Comparative experiments were conducted mainly in view of stage-related biomarker prediction. The proposed method was compared with the three conventional methods on biomarker identification: differentially expression genes (DEGs) Love et al. (2014), WGCNA Horvath (2011) and RelifF Robnik-Šikonja and Kononenko (2003). DEGs were mainly obtained using R package DESeq2 to conduct differential expression analysis, and the DEGs were treated as biomarkers. Based on differential expression data, WGCNA (Weighted Gene Co-expression Network Analysis) is a method used to construct co-expression networks from gene expression data, which is currently widely applied in the identification of biomarkers for complex diseases and drug targets. RelifF is a machine learning method on binary classification, which could identify the biomarkers.

Moreover, to ensure an equivalent comparison, the four methods were compared based on their best performance. Also, the features in all genes were performed as a control group. The F1 score was employed for evaluation since it is not influenced by the varying number of features across different methods. The results of the comparative experiments on LUAD datasets and BRCA datasets are shown in Table 3.

Table 3

Table 3. The comparison of identification in stage-related biomarkers among SFR-GSN, three conventional methods, and all genes on LUAD and BRCA datasets.

From the table, it is shown that the proposed method significantly outperforms other methods in terms of F1 scores. Additionally, the proposed method provides fewer features than other methods, which indicates the proposed method could identify the biomarker more accurately.

3.4 SFR-GSN on cancer subtype-related biomarkers

Besides the evolutionary characteristics in different stages, cancer also exhibits various subtypes. As for LUAD, three types often occur in the evolution, which are Papillary Predominant (PP), Acinar Predominant (PI), and Trabecular (TRU). By studying subtype-related biomarkers, a better understanding of the differences in disease progression, treatment response, and prognosis among different subtypes could be obtained (Perou et al., 2000; Muller et al., 2022). Therefore, in order to enhance the generalization of our model, experiments on subtype-related data were conducted to identify the subtype-related biomarkers.

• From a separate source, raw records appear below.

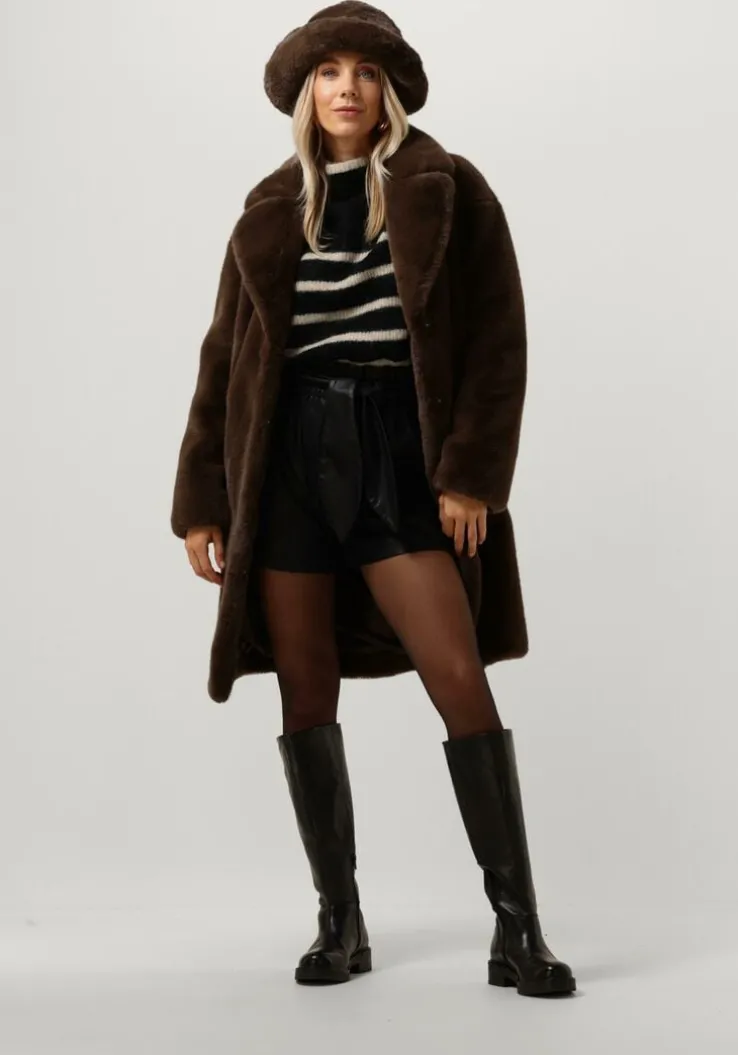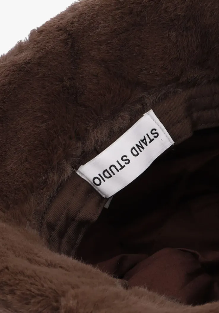Hoe fluffy is deze buckethat WERA BUCKET HAT van het merk STAND STUDIO! Het bovenwerk bestaat uit zacht faux fur in een bruine kleur en heeft een toffe uitstraling.
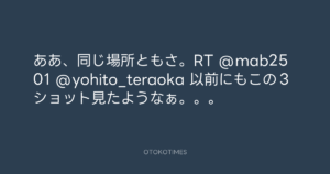 寺岡呼人 @yohito_teraoka – 2:02・2011年7月14日 2011 7/14 寺岡呼人 2011-07-14 ああ、同じ場所ともさ。RT @mab2501 @yohito_teraoka 以前にもこの3ショット見たようなぁ。。。 Source:https://x.com/yohito_teraoka/status/91190769863... text X Post 寺岡呼人 寺岡呼人 この記事が気に入ったら フォローしてね! Follow @OtokoTimes1988 よかったらシェアしてね! URLをコピーしました! 寺岡呼人 @yohito_teraoka - 1:53・2011年7月14日 Koyo Maeda @koyomaeda - 3:27・2011年7月14日 関連記事 Artist 寺岡呼人 1968.02.07
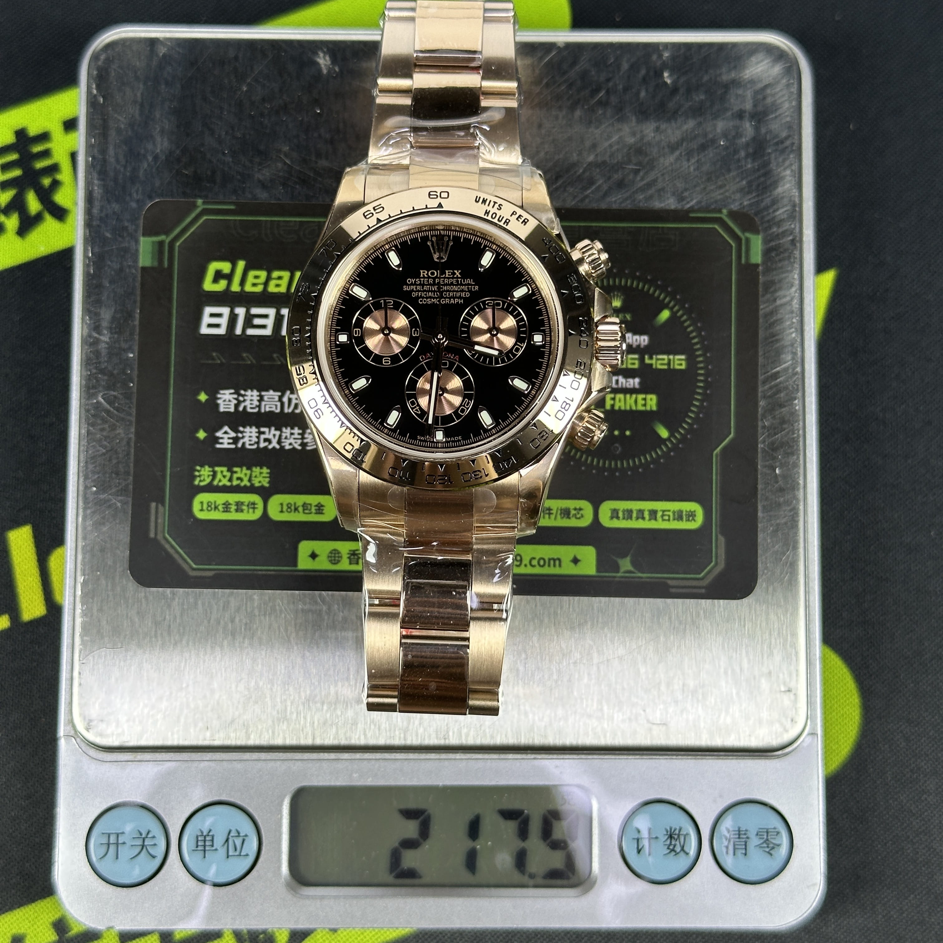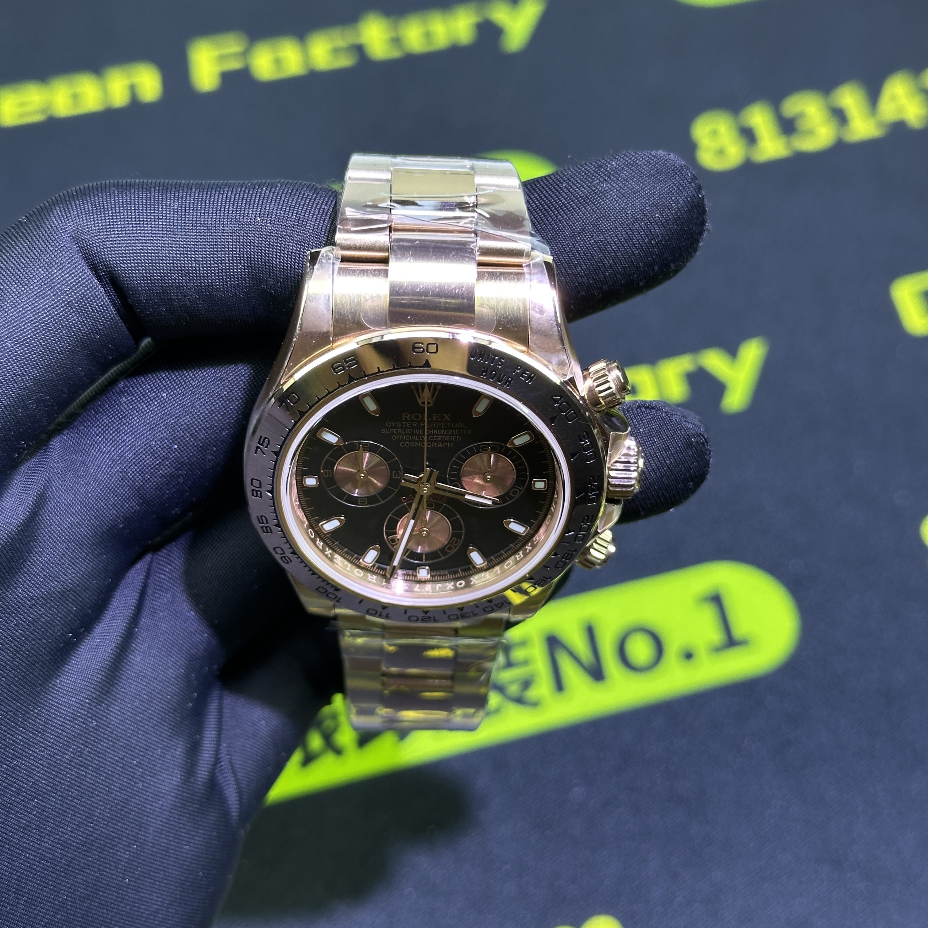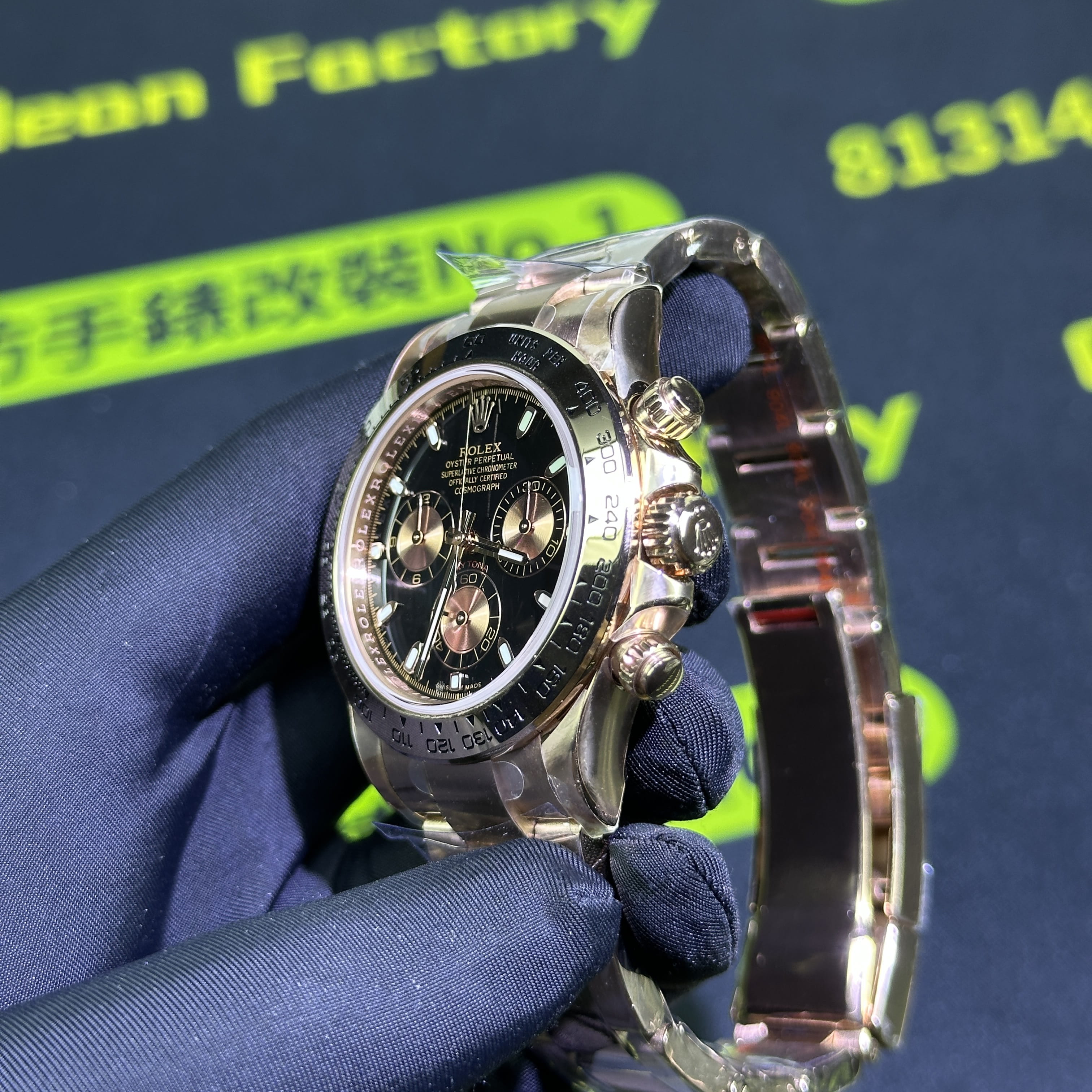 私人訂製高仿勞力士地通拿m116505-0008足重版本,整錶克重達到了217克,對比原裝正品是達到了99%重量還原.作為高仿地通拿玫瑰金足重也是必須擁有的基礎條件.大家針對錶盤部分的三個"金眼睛"對比原裝正品還原度有多高?高仿市面上有很多廠家推出的高仿玫瑰金地通拿其錶盤都存在不對版的情況,主要原因是很少廠家去投入資金使用原版開模做到原裝正品金眼睛盤面進行1:1調色.而這一隻高仿地通拿改裝升級足重版本使用的盤面其色差以及放射紋角度非常飽滿.
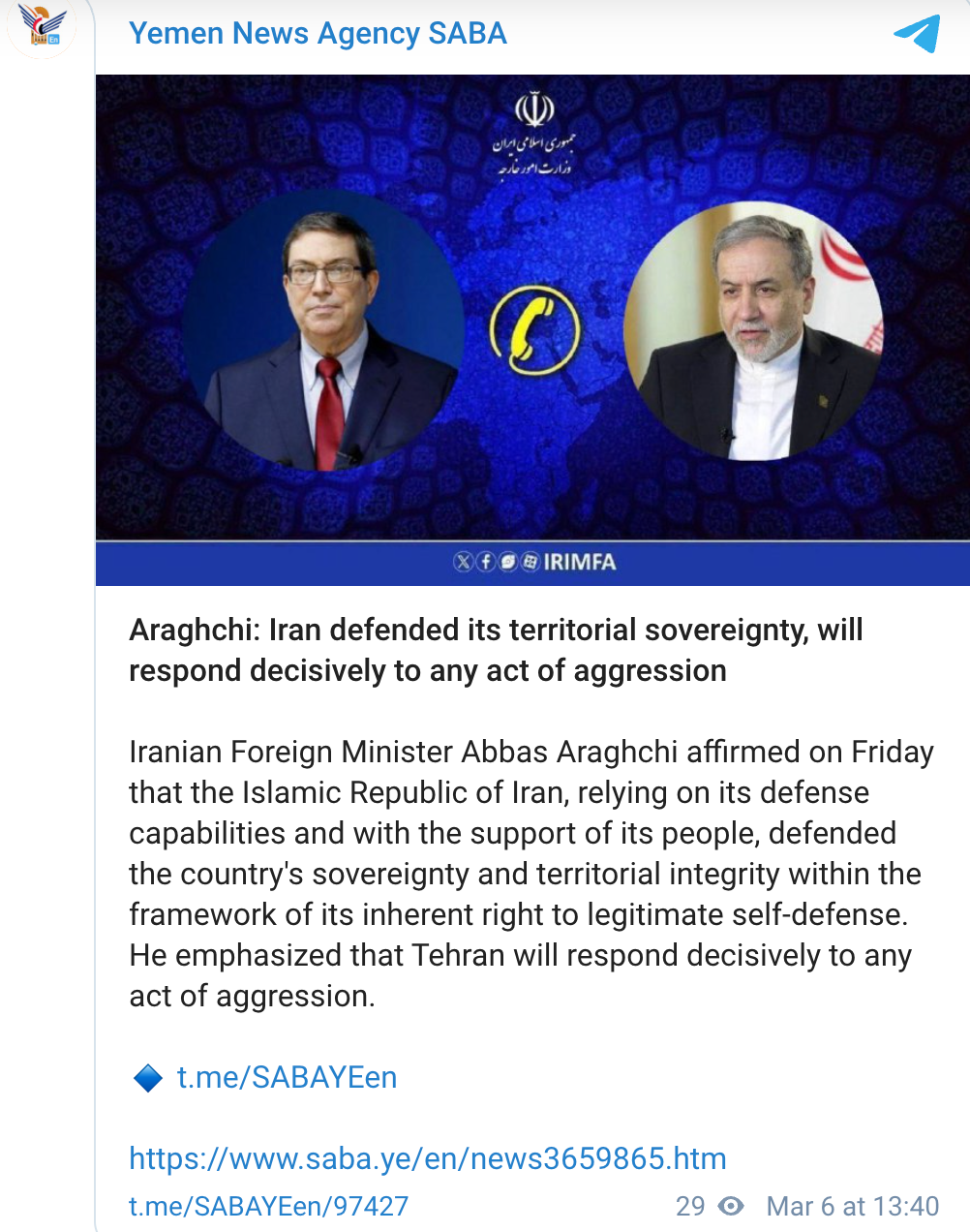 Οι συγκεκριμένες τοποθετήσεις έγιναν κατά τη διάρκεια τηλεφωνικής επικοινωνίας που είχε ο Αμπάς Αραγτσί με τον Κουβάνο ομόλογό του, Μπρούνο Ροντρίγκεζ Παρίγια. Κατά τη συζήτησή τους, ο Ιρανός αξιωματούχος αναφέρθηκε στις επιθέσεις των τελευταίων ημερών, χαρακτηρίζοντάς τες ως εγκλήματα των Ηνωμένων Πολιτειών και του Ισραήλ εναντίον του ιρανικού λαού.
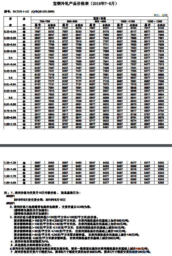 2018年7-8月宝钢镀铝锌产品价格表
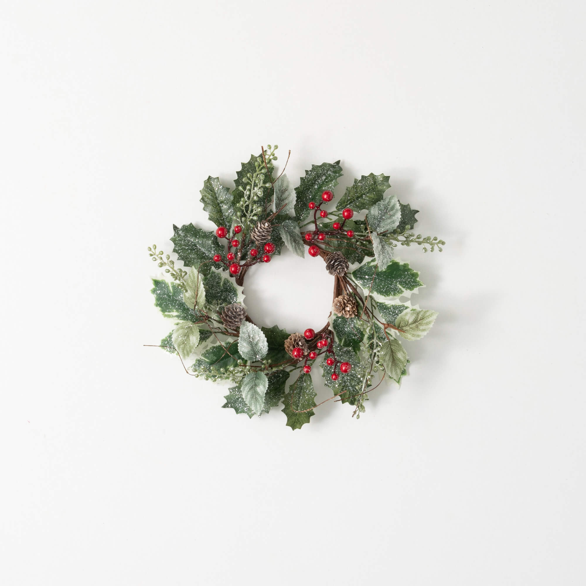 Enhance the glow of your holiday candles with our exquisite 13"H Frosted Holly Mini Wreath Christmas Candle Ring, designed to add a touch of elegance and charm to any candle display.
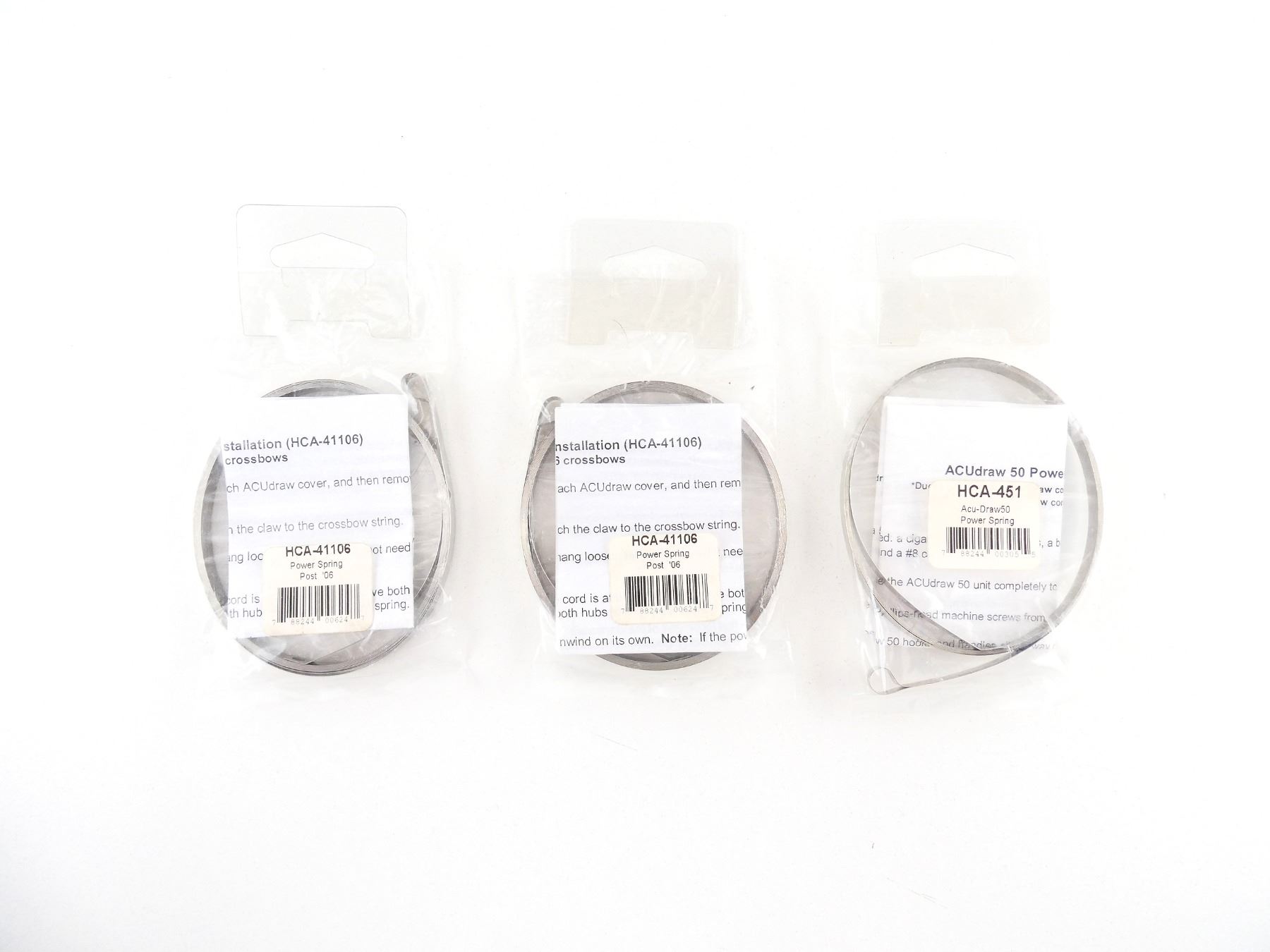 LOT INCLUDES; (2) HCA-41106 POWER SPRING POST '06, (1) HCA-451 ACU-DRAW50 POWER SPRING, UNOPENED, SEE PHOTOS.
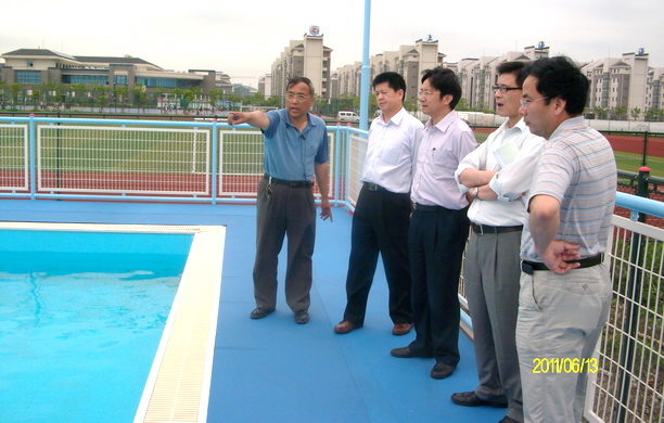 6月13日下午,封金章副校长、程裕东副校长实地检查了我校游泳池和气象站建设情况,后勤管理处俞渊处长、后勤服务中心王国华总经理、后勤管理处陈小山老师和上海体育实业公司项目负责人陪同检查。
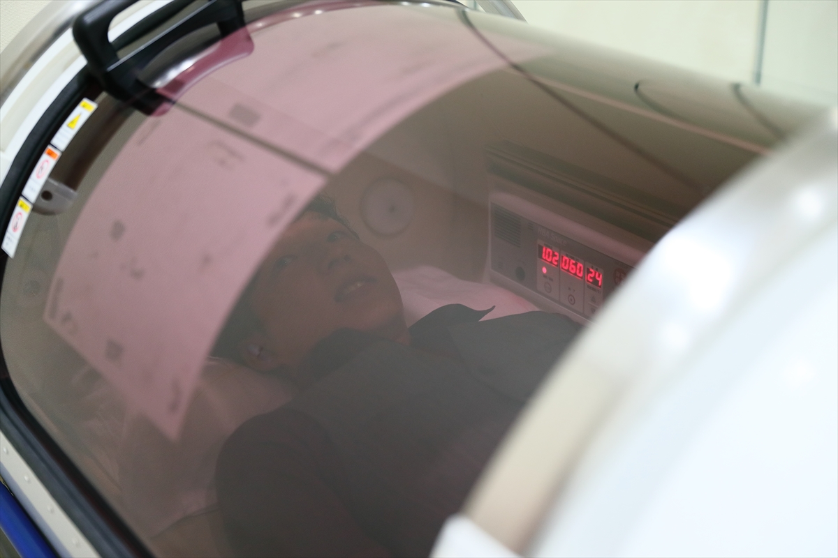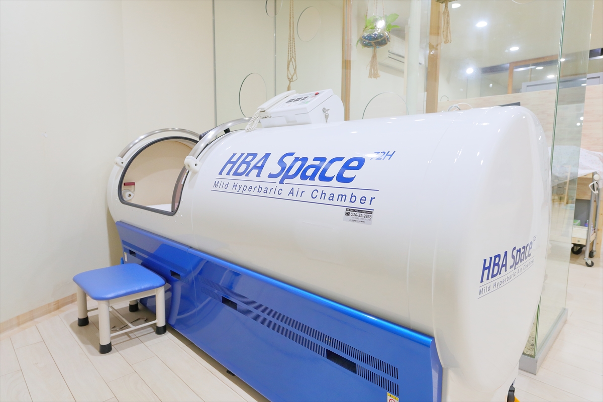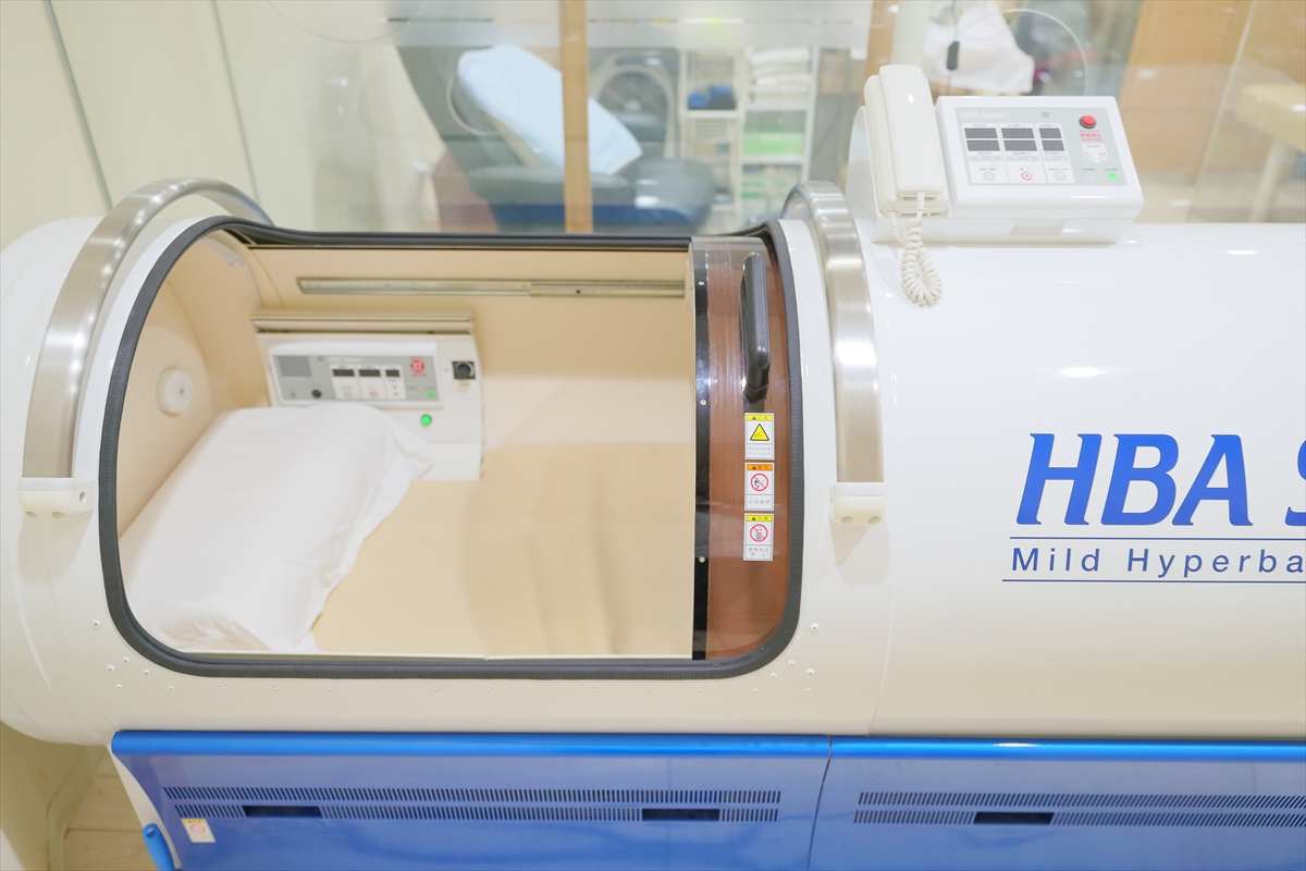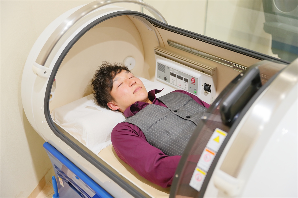 空気中の酸素を気圧を高めることによって酸素が細かくさせる「酸素カプセル」。

Firstly, the datasets were separated into the three subtypes and accordingly, three corresponding GSNs were constructed. Then, SFR was trained on the GSNs, features with CBR $> 0.5$ were obtained, and the F1 score and CBR were shown in Table 4. Finally, five features were identified as subtype-related biomarkers of LUAD, these are (HDAC6, SIRT2), (AKT2, RICTOR), (DHX33, PINX1), (SNAP29, TSNARE1) and (ASPSCR1, VCPIP1). Similarly, the BRCA datasets were divided into five groups due to the five subtypes of BRCA. Eventually, the results were shown in Table 4, where six features were screened as subtype-related biomarkers, these are (SRC, USP8), (IRAK4, TOLLIP), (SRC, TRAF6), (F8, SEC24C), (CDK12, SUPT5H) and (CDC40, SF3B2).

Table 4

Table 4. F1 score and CBR for multi-class classification in stages of LUAD and BRCA at different feature quantity thresholds.

Further, the enrichment analysis was conducted on the identified features. In the subtype-related biomarkers of LUAD, five genes were enriched in 10 pathway pathways, with the gene AKT2 was found in eight pathway pathways. In that of BRCA, eight genes were enriched in 24 pathways, with the gene TRAF6 being enriched in 21 pathways and the gene IRAK4 was found in 20 pathways. KEGG pathway enrichment results are shown in Figure 6. Subsequently, the results of the GO enrichment analysis are shown in Figure 7. The 10 genes in the LUAD subtypes are involved in 360 biological processes, while 11 genes in the BRCA subtypes are involved in 407 biological processes.

Figure 6

Figure 6. KEGG pathway enrichment results of subtype biomarkers for LUAD and BRCA.

Figure 7

Figure 7. GO enrichment results of subtype biomarkers for LUAD and BRCA.

After providing the results of SFR-GSN on the identification, the proposed method was also compared with three conventional methods and all genes. The results are shown in Table 5. SFR-GSN gains the best performance and the least features, which suggests SFR-GSN exhibits superior capability in identifying subtype-related biomarkers.

Table 5

Table 5. The comparison of identification in subtype-related biomarkers among SFR-GSN, three conventional methods, and all genes on LUAD and BRCA datasets.

4 Conclusion

In this work, a novel method called SFR-GSN has been proposed to identify the stage-related biomarkers, which gained remarkable results on LUAD and BRCA datasets. First, the clinical data, RNA-Seq data, and PPI were collected. Second, according to the pathological stage, the GSNs were constructed by combining the SSN and PPI. Third, based on GSNs, a two-round SFR was conducted, which firstly used random forest to pre-screen and later used RFECV to obtain the optimal feature sets. The CBR was introduced to assist in identifying stage-related biomarkers.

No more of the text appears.